Weil er im Schlafzimmer gesessen ist?

Ja. Davor hat er nur an jedem Hauseck oder auf dem Hof auf mich gewartet, aber nie bei mir zu Hause. Aber dann war er auf einmal im Wohn- und Schlafzimmer. Er hat mich gar nicht mehr losgelassen.

Ich hätte auch nicht so gern einen vermeintlichen Serienmörder bei mir daheim sitzen.

Jack Unterweger ist nie rechtskräftig verurteilt worden!

Sie glauben, dass er die Frauen nicht umgebracht hat?

Ich weiß, dass er einen Menschen umgebracht hat.
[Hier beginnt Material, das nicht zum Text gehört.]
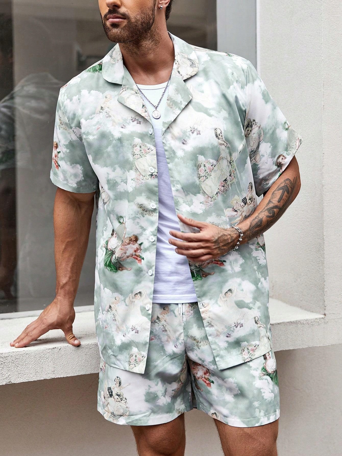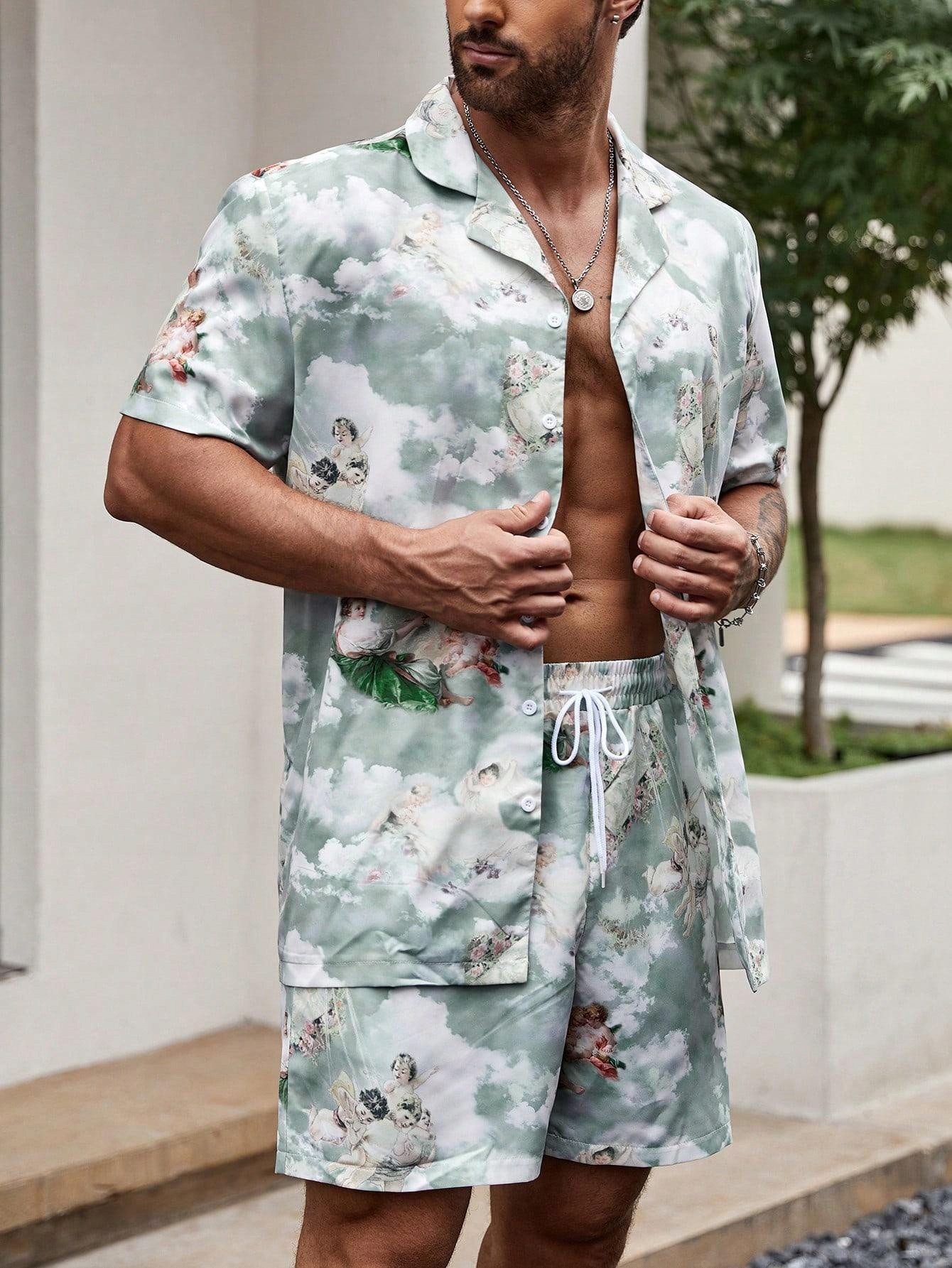 SHEIN KOMPLET KOSZULA KRÓTKI RĘKAW SPODENKI WZÓR NVB NI3__M

Ob er auch die anderen Frauen getötet hat, wissen er, die Opfer und der da oben.

Kann es sein, dass Sie Unterweger verteidigen müssen, um ihn spielen zu können? Es könnte ja auch sein, dass er jede Einzelne brutal umgebracht hat.

Ich werde euch nicht sagen, ob ich es war. (Lächelt verschmitzt.)
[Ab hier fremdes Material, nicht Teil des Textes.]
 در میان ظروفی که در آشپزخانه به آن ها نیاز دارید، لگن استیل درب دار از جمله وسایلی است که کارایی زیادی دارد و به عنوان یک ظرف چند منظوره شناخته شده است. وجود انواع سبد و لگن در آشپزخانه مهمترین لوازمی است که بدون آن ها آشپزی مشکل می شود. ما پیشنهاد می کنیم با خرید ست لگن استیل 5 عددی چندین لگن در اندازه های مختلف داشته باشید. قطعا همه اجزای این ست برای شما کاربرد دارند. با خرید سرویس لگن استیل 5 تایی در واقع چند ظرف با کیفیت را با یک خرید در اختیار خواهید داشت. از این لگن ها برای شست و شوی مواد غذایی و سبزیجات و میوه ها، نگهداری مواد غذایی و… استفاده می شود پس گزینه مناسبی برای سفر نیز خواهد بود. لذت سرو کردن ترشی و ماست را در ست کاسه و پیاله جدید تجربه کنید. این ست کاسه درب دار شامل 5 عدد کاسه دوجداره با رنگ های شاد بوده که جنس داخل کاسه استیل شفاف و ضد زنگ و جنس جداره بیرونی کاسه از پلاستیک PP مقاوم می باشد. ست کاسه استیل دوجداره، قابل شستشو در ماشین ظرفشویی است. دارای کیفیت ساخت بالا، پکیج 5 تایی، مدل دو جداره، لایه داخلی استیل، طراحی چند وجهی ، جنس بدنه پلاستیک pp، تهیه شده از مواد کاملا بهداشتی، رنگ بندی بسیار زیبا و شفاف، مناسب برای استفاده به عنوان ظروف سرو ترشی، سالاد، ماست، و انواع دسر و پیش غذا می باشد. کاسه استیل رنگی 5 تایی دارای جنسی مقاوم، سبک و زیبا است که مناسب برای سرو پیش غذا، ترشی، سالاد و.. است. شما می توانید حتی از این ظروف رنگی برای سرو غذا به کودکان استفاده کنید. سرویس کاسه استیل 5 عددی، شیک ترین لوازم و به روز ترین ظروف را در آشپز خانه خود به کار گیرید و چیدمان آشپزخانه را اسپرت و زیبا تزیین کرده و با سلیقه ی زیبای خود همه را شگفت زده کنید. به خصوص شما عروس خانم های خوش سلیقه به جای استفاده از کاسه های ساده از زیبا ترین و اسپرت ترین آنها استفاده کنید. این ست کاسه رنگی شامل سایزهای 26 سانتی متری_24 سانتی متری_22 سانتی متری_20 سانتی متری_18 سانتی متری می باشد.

Unterweger hat sich in der Nacht nach dem Urteil des Geschworenengerichts in seiner Zelle erhängt. Haben Sie Mitleid mit ihm?

Auch das darf ich Ihnen nicht sagen, denn dann würde ich ihn, dann würde ich auch die Figur verraten. Es würde ein Zauber verloren gehen, ein Geheimnis. Aber Geheimnisse müssen bewahrt bleiben, sie machen nicht nur uns Menschen, sondern auch die Figur reich.
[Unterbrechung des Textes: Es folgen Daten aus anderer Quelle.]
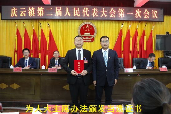 会议听取并审议了《政府工作报告》和《人大工作报告》,书面审查和批准了《财政工作报告》。大会严格按照法定程序和选举办法,以无记名投票的方式,选举产生了庆云镇新一届人大主席1名、镇长1名和副镇长3名。新当选人员向《宪法》庄严宣誓,承诺时刻牢记誓词,恪尽职守,廉洁奉公,接受人民监督,全心全意为人民服务。

Haben Sie sich die Gutachten des Gerichtspsychiaters Reinhard Haller auch zu Gemüte geführt?

Ja, natürlich, weil ich versuche, dem Menschen Jack Unterweger in all seiner Ambivalenz gerecht zu werden. Und was ich in den Gutachten gelesen habe, hat mich tief geschockt. Aber genauso sehr hat es mich verstört. Vieles, was da stand, trifft auch auf mich, auf Sie, ich meine, auf jeden von uns zu. Das ist gespenstisch. Ich frage mich seitdem, was dazu führt, dass diese bestimmte Grenze überschritten wird. Wie weit der Punkt entfernt ist, an dem alles kippt. Fehlt überhaupt viel?

Ich hoffe doch.

Ich weiß es nicht. (Pause.) Bitte stellen Sie mir jetzt keinesfalls die Frage, wie es ist, einen Psychopathen zu spielen.

Hatte ich nicht vor. Aber wie ist die Antwort?

Nicht anders als einen „Normalen“ zu spielen, denn der Psychopath weiß ja gar nicht, dass er einer ist. Im Gegenteil.

Aber Sie wissen es doch.

Woher wissen Sie denn, dass ich kein Psychopath bin? Sind wir das nicht alle mehr oder weniger?

Steckbrief

1966
wurde Johannes Krisch in Wien geboren. Sein Vater war Tischler und verlangte von seinem Sohn, dass auch er das Handwerk erlernt.

1989
wurde Krisch Ensemblemitglied des Wiener Burgtheaters und spielte seitdem in zahlreichen Produktionen. Am Berliner Ensemble hat Krisch 2012 Liliom gespielt, an der Burg ist er derzeit als Alpenkönig und im „Talisman“ zu sehen.

Krisch spielte in den letzten Jahren in vielen Filmen mit, etwa in „Revanche“, „Die Vaterlosen“, „Braunschlag“ und „360“. Derzeit dreht er mit der Regisseurin Elisabeth Scharang „Jack Unterweger“.

Krisch hat drei Söhne und seit Kurzem auch eine Tochter.

Herr Krisch, darf man Sie auch fragen...


1...ob es bei den Dreharbeiten zu Jack Unterweger bisher Überraschungen gab?

Erstaunlich für mich war, dass ich den Text nie lernen musste. Ich habe mich so mit Unterweger und auch dem Drehbuch in all seinen Fassungen befasst, dass alles einfach schon in mir drinnen war.


2...ob es Sie gewundert hat, dass der Prozess von Matthias Hartmann ruhend gestellt wurde?

Überrascht hat es mich. Wenn es juristische Gründe dafür gibt, stört es mich nicht. Sollten aber andere Gründe dahinterstecken, wie das in Österreich manchmal der Fall ist, dann würde es mich stören, und zwar sehr. Davon gehe ich aber nicht aus.


3...wie es ist, nach drei Söhnen jetzt Vater einer kleinen Tochter zu sein?

Wunderbar, ich bin total in die Kleine verschossen! Das war und bin ich aber auch in meine drei Söhne.